The task calls for every entry to be printed word for word, without the images.

-------------------------

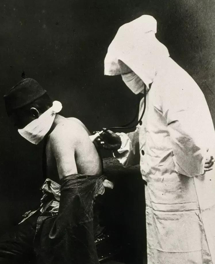 1900年,中国爆发鼠疫期间,一名医生在检查病人
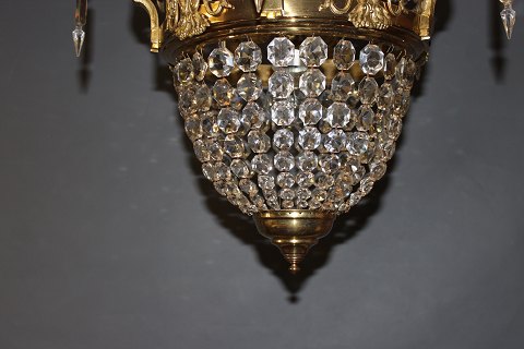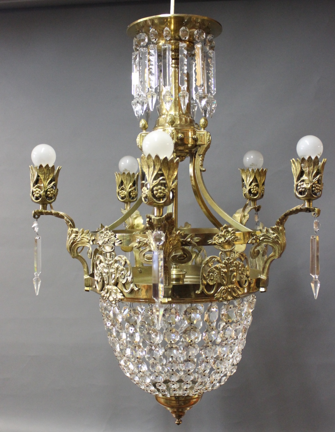 Crystal Chandelier, Five-armed with patinated brass .from around 1910
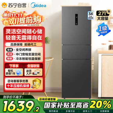 美的(Midea)三门大容量智能家用冰箱小型三开门一级风冷无霜变频低躁34db双净味租房宿舍小冰箱MR-283WTPZE
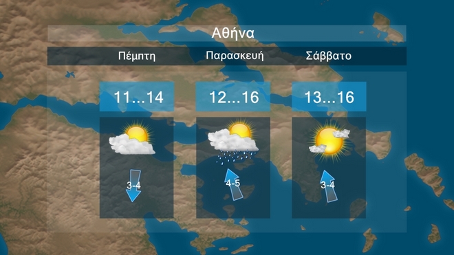 Στην Αθήνα προβλέπονται παροδικές νεφώσεις με βροχές την Παρασκευή . Η θερμοκρασία θα κυμαίνεται μεταξύ 14 και 16 βαθμών Κελσίου
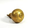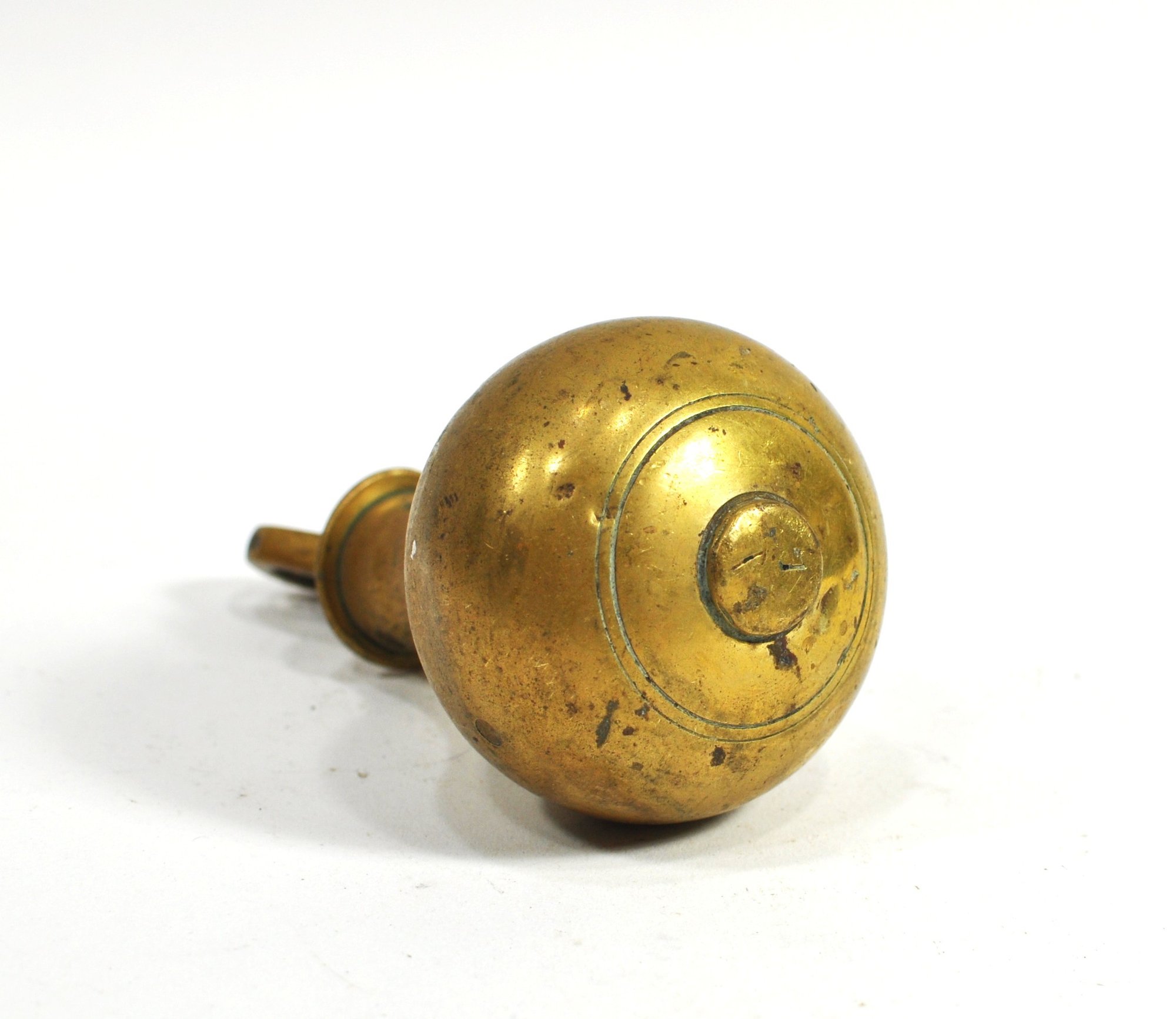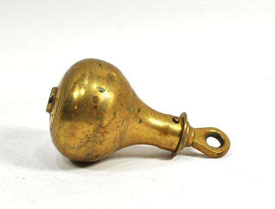 Antique brass plumb bob or clock weight of bulbous baluster form, fitted with an integral suspension eye at the top for hanging. The turned profile with incised rings and substantial mass is consistent with weights used on early weight-driven clocks, including wall, longcase, or regulator clocks.

-------------------------

**Reply**
 1900年,中国爆发鼠疫期间,一名医生在检查病人
 Crystal Chandelier, Five-armed with patinated brass .from around 1910
 美的(Midea)三门大容量智能家用冰箱小型三开门一级风冷无霜变频低躁34db双净味租房宿舍小冰箱MR-283WTPZE
 Στην Αθήνα προβλέπονται παροδικές νεφώσεις με βροχές την Παρασκευή . Η θερμοκρασία θα κυμαίνεται μεταξύ 14 και 16 βαθμών Κελσίου
 Antique brass plumb bob or clock weight of bulbous baluster form, fitted with an integral suspension eye at the top for hanging. The turned profile with incised rings and substantial mass is consistent with weights used on early weight-driven clocks, including wall, longcase, or regulator clocks.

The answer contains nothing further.